QuestionAnsweringCorrectnessInput

Input for question answering correctness metric.

Fields
metricSpec object (QuestionAnsweringCorrectnessSpec)

Required. Spec for question answering correctness score metric.

Required. Question answering correctness instance.

JSON representation
{
  "metricSpec": {
    object (QuestionAnsweringCorrectnessSpec)
  },
  "instance": {
    object (QuestionAnsweringCorrectnessInstance)
  }
}

QuestionAnsweringCorrectnessSpec

Spec for question answering correctness metric.

Fields
useReference boolean

Optional. Whether to use instance.reference to compute question answering correctness.

version integer

Optional. Which version to use for evaluation.

JSON representation
{
  "useReference": boolean,
  "version": integer
}

QuestionAnsweringCorrectnessInstance

Spec for question answering correctness instance.

Fields
prediction string

Required. Output of the evaluated model.

reference string

Optional. Ground truth used to compare against the prediction.

context string

Optional. Text provided as context to answer the question.

instruction string

Required. The question asked and other instruction in the inference prompt.

JSON representation
{
  "prediction": string,
  "reference": string,
  "context": string,
  "instruction": string
}

PointwiseMetricInput

Input for pointwise metric.

Fields
metricSpec object (PointwiseMetricSpec)

Required. Spec for pointwise metric.

instance object (PointwiseMetricInstance)

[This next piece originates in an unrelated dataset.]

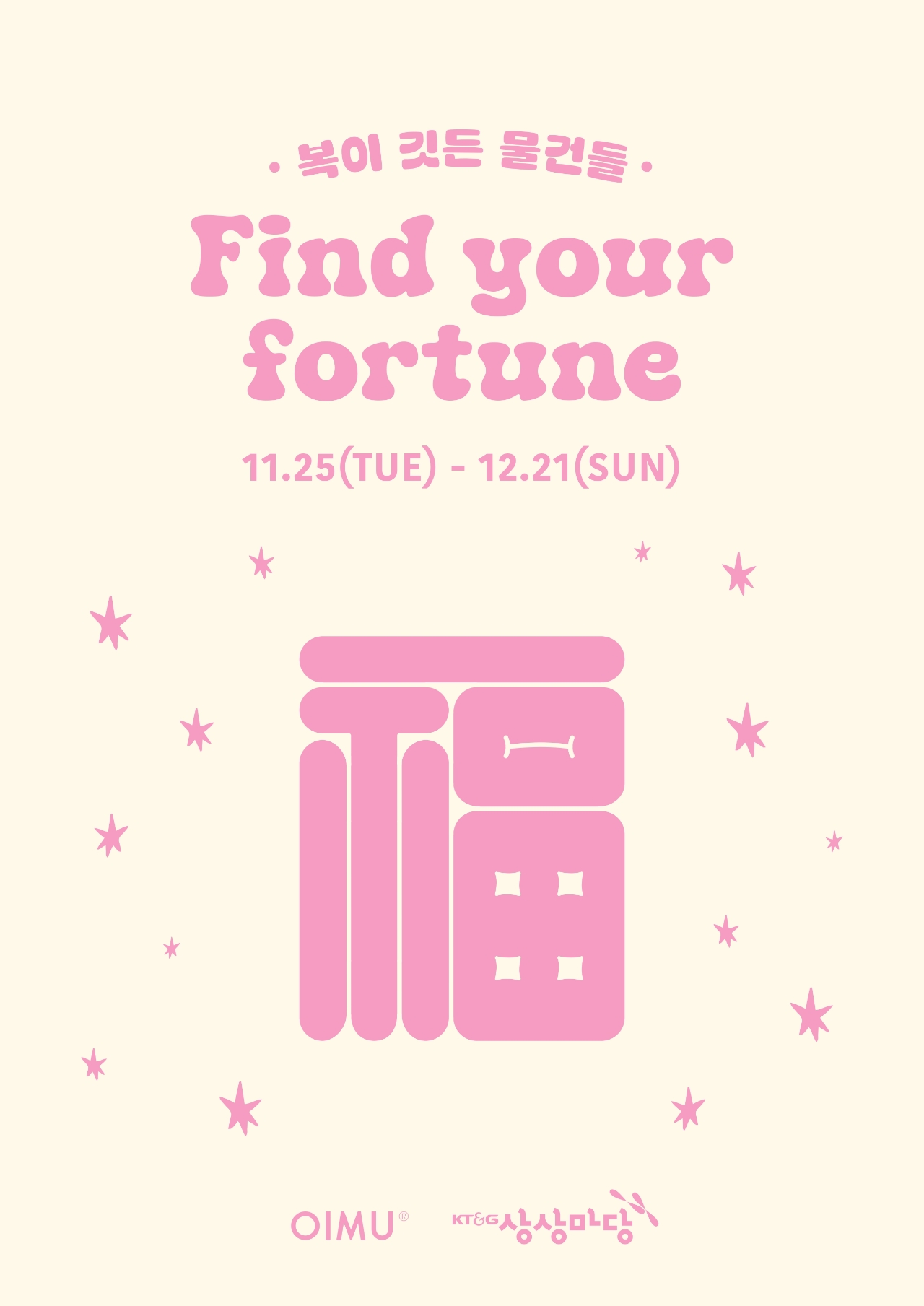 이미지 확대보기KT&G 상상마당은 새해 행운을 기원하는 콘셉트의 ‘복(福)이 깃든 물건들-Find your fortune’ 팝업스토어를 오는 21일까지 진행한다고 3일 밝혔다. 팝업스토어 포스터 이미지. 사진=KT&G 상상마당 KT&G 상상마당은 새해 행운을 기원하는 콘셉트의 ‘복(福)이 깃든 물건들-Find your fortune’ 팝업스토어를 오는 21일까지 진행한다고 3일 밝혔다.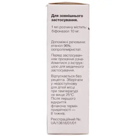 Розчин для шкіри 1%, 15 мл, 35 мл флакони-крапельниці або 25 мл розпилювач з дозатором № 1

Required. Pointwise metric instance.

JSON representation
{
  "metricSpec": {
    object (PointwiseMetricSpec)
  },
  "instance": {
    object (PointwiseMetricInstance)
  }
}

PointwiseMetricSpec

Spec for pointwise metric.

Fields
metricPromptTemplate string

Required. Metric prompt template for pointwise metric.

JSON representation
{
  "metricPromptTemplate": string
}

PointwiseMetricInstance

Pointwise metric instance. Usually one instance corresponds to one row in an evaluation dataset.

Fields
Union field instance. Instance for pointwise metric. instance can be only one of the following:
jsonInstance string

Instance specified as a json string. String key-value pairs are expected in the jsonInstance to render PointwiseMetricSpec.instance_prompt_template.

JSON representation
{

  // Union field instance can be only one of the following:
  "jsonInstance": string
  // End of list of possible types for union field instance.
}

PairwiseMetricInput

Input for pairwise metric.

Fields
metricSpec object (PairwiseMetricSpec)

Required. Spec for pairwise metric.

instance object (PairwiseMetricInstance)

Required. Pairwise metric instance.

JSON representation
{
  "metricSpec": {
    object (PairwiseMetricSpec)
  },
  "instance": {
    object (PairwiseMetricInstance)
  }
}

PairwiseMetricSpec

Spec for pairwise metric.

Fields
metricPromptTemplate string

Required. Metric prompt template for pairwise metric.

JSON representation
{
  "metricPromptTemplate": string
}

PairwiseMetricInstance

Pairwise metric instance. Usually one instance corresponds to one row in an evaluation dataset.

Fields
Union field instance. Instance for pairwise metric. instance can be only one of the following:
jsonInstance string

Instance specified as a json string. String key-value pairs are expected in the jsonInstance to render PairwiseMetricSpec.instance_prompt_template.

JSON representation
{

  // Union field instance can be only one of the following:
  "jsonInstance": string
  // End of list of possible types for union field instance.
}

ToolCallValidInput

Input for tool call valid metric.

Fields
metricSpec object (ToolCallValidSpec)

Required. Spec for tool call valid metric.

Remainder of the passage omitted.